O resultado foi que as forças afegãs no terreno “lutariam por alguns dias e depois perceberiam que não há reforços” no caminho, disse ele. O “impacto psicológico foi devastador”.

Mas funcionários do governo, respondendo a essas críticas, afirmam que os militares afegãos superam o Taleban, com cerca de 300.000 soldados para 75.000.

“Eles têm uma força aérea, uma força aérea capaz”, algo que o Taleban não tem, disse John F. Kirby, o secretário de imprensa do Pentágono, na sexta-feira. “Eles têm equipamentos modernos. Eles se beneficiam do treinamento que oferecemos nos últimos 20 anos. É hora de usar essas vantagens.”

Mas, quando Kirby percebeu essas vantagens, nenhuma delas parecia estar fazendo diferença. Sentir-se abandonado pelos Estados Unidos e comandado por líderes sem leme fez com que as tropas afegãs em terra “olhassem para o que estava à sua frente e o que estava atrás deles e decidissem que era mais fácil partir por conta própria”, disse o general aposentado. Joseph L. Votel, o ex-comandante do Comando Central dos Estados Unidos que supervisionou a guerra no Afeganistão de 2016 a 2019.

Biden, disse um funcionário do governo, expressou frustração com o fato de o presidente Ashraf Ghani do Afeganistão não ter conseguido planejar e executar com eficácia o que deveria ser a mais recente estratégia: consolidar forças para proteger cidades importantes. Na quarta-feira, Ghani despediu seu chefe do exército, tenente-general Wali Mohammad Ahmadzai, que estava no cargo há apenas dois meses, substituindo-o pelo major-general Haibatullah Alizai, comandante de operações especiais. Os comandos do general Alizai são as únicas tropas que lutaram consistentemente contra o Taleban nas últimas semanas.

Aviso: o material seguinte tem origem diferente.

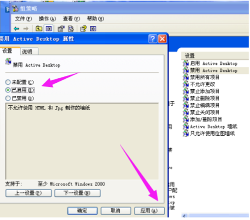 在打开的对话框中选择“已启用”,点击确定。

Richard Fontaine, chefe-executivo do Center for a New American Security, um influente think tank de Washington especializado em segurança nacional, escreveu que, no final, a simbiose de 20 anos entre os Estados Unidos e o governo afegão que se ergueu apoiou e conduzido através de eleições tinha quebrado.

“Aqueles que destacam a superioridade militar do governo afegão - em número, treinamento, equipamento, poder aéreo - perdem o ponto principal”, escreveu ele recentemente. “Tudo depende da vontade de lutar pelo governo. E isso, ao que parece, dependia da presença e do apoio dos EUA. Estamos exortando os afegãos a mostrarem vontade política quando a deles depende da nossa. E a nossa se foi. ”

No sábado, quando a última grande cidade no norte do Afeganistão caiu para o Taleban, Biden acelerou o envio de 1.000 tropas adicionais ao país para ajudar a garantir a retirada segura de cidadãos americanos e afegãos que trabalharam para o governo dos EUA de Cabul.

Biden divulgou um longo comunicado no qual culpava Trump por pelo menos parte do desastre que se desenrolava. Ele disse: “Eu herdei um acordo feito por meu antecessor” que “deixou o Taleban na posição mais forte militarmente desde 2001 e impôs um prazo de 1 de maio de 2021 às forças dos EUA”.

Ele disse que, quando assumiu o cargo, tinha uma escolha: cumprir o acordo ou "aumentar nossa presença e enviar mais tropas americanas para lutar novamente no conflito civil de outro país".

“Fui o quarto presidente a presidir uma presença de tropas americanas no Afeganistão - dois republicanos e dois democratas”, disse Biden. “Eu não iria, e não irei, passar esta guerra para um quinto.”